Applications from students who are interested in exploring the dynamics of high-energy particles from outside of our solar system with different messengers are being sought. Research opportunities in the Laboratory for Extreme Multi-Messenger Astrophysics (LEMMA) include hands-on hardware development (e.g. design and tests of detector components) and software development (e.g. simulation and data analyses). Currently LEMMA is recruiting students pursuing master’s and PhD degrees to work on the HELIX cosmic ray experiment, the IceCube and P-ONE high-energy neutrino experiments, and/or the VERITAS gamma-ray experiment. Students will learn how to build and test particle detectors, to simulate the particle interactions, to do the data analysis using C++/Python, and to interpret the results to explore the Universe revealed by the high-energy particles. While students may expect to work on a single experiment, LEMMA encourages open discussions between team members working on the different experiments as it is vital to understand the connection between different messengers (cosmic rays, neutrinos, and gamma rays.) All of the experiments listed above are carried out as international collaborations, and students will have ample opportunities to have close collaborations with colleagues around the world. Please check the details of the research topics for each experiment in the following tabs, and contact Dr. Park for more information on specific research projects.
Please visit the School for Graduate Studies and Research for more information on the application procedure. The department deadline for applications is December 15th. As applications are reviewed as they are submitted, applicants are strongly encouraged to submit their applications as soon as possible. Please indicate in your application that you are interested in “high-energy particle astrophysics”, and send Dr. Park an e-mail indicating you would like to be considered for a position in our team.
LEMMA is recruiting either a master’s or PhD student for HELIX (High-Energy Light Isotope eXperiment). HELIX is a balloon experiment designed to measure high-energy cosmic ray isotopes. With a 1 Tesla superconducting magnet combined with a precision tracker and velocity measurements by a time-of-flight system and a ring imaging Cherenkov counter, HELIX is optimized to measure the flux of the cosmic ray clock isotope, Beryllium-10, with a mass resolution of ~3% to improve our knowledge of cosmic ray propagation. You can find an introduction to cosmic ray science under the Research menu.
HELIX is designed to have a series of balloon flights, with the first flight scheduled for 2023/2024. The student will learn how to support the flight of HELIX, analyze the science flight data, and develop new particle detectors for future HELIX instruments.
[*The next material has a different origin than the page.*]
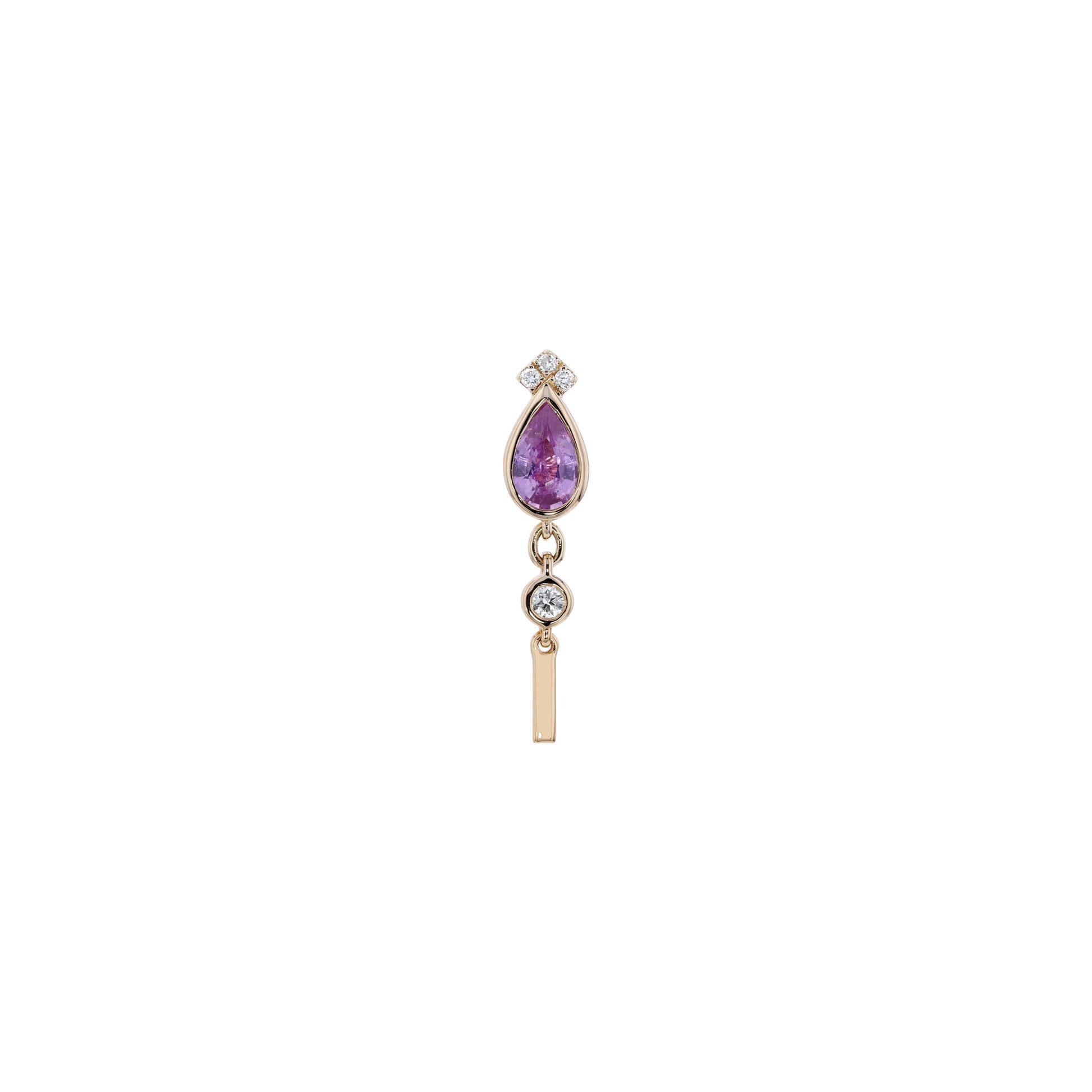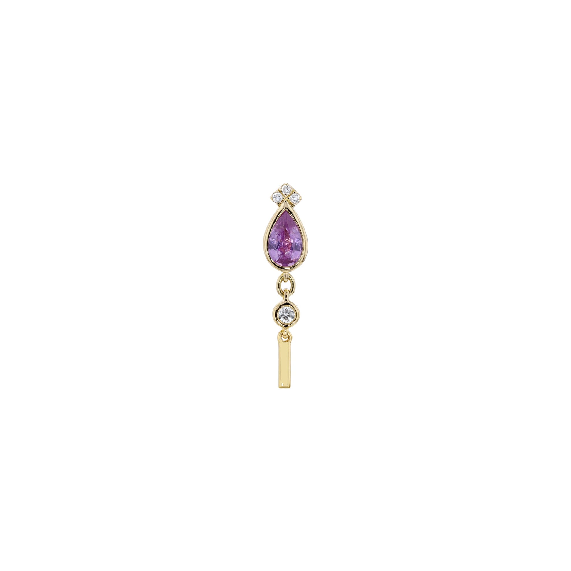 Pear faceted gemstone and diamond accent on top with a diamond dangle and bar below

LEMMA has the infrastructure to develop the detectors for balloon experiments, including a thermal-vacuum chamber to test instruments in a near-space environment.
LEMMA is recruiting either a master’s or PhD student for the IceCube experiment. IceCube is a high-energy neutrino observatory located at the South Pole. IceCube reported the first detection of high-energy astrophysical neutrinos, and evidence of a high-energy neutrino flare associated with an astrophysical object, TXS 0506+056. With a cubic kilometer of active detection volume, IceCube is currently the most sensitive high-energy neutrino observatory, and the largest particle detector, in the world. You can find an introduction to high-energy neutrinos under the Research menu. The student will learn how to analyze the more than ten years of data from IceCube observations, to handle a big data set with machine learning algorithms, and to investigate the hadronic interactions in different astrophysical environments to search for the origin of high-energy neutrinos.
I am planning to recruit 1-2 undergraduate students for a summer project. One project would be related to simulations and tests of small detector components for the HELIX balloon experiment. The other project would be related to constructing a database for multi-messenger follow-up observations of high-energy neutrino alerts.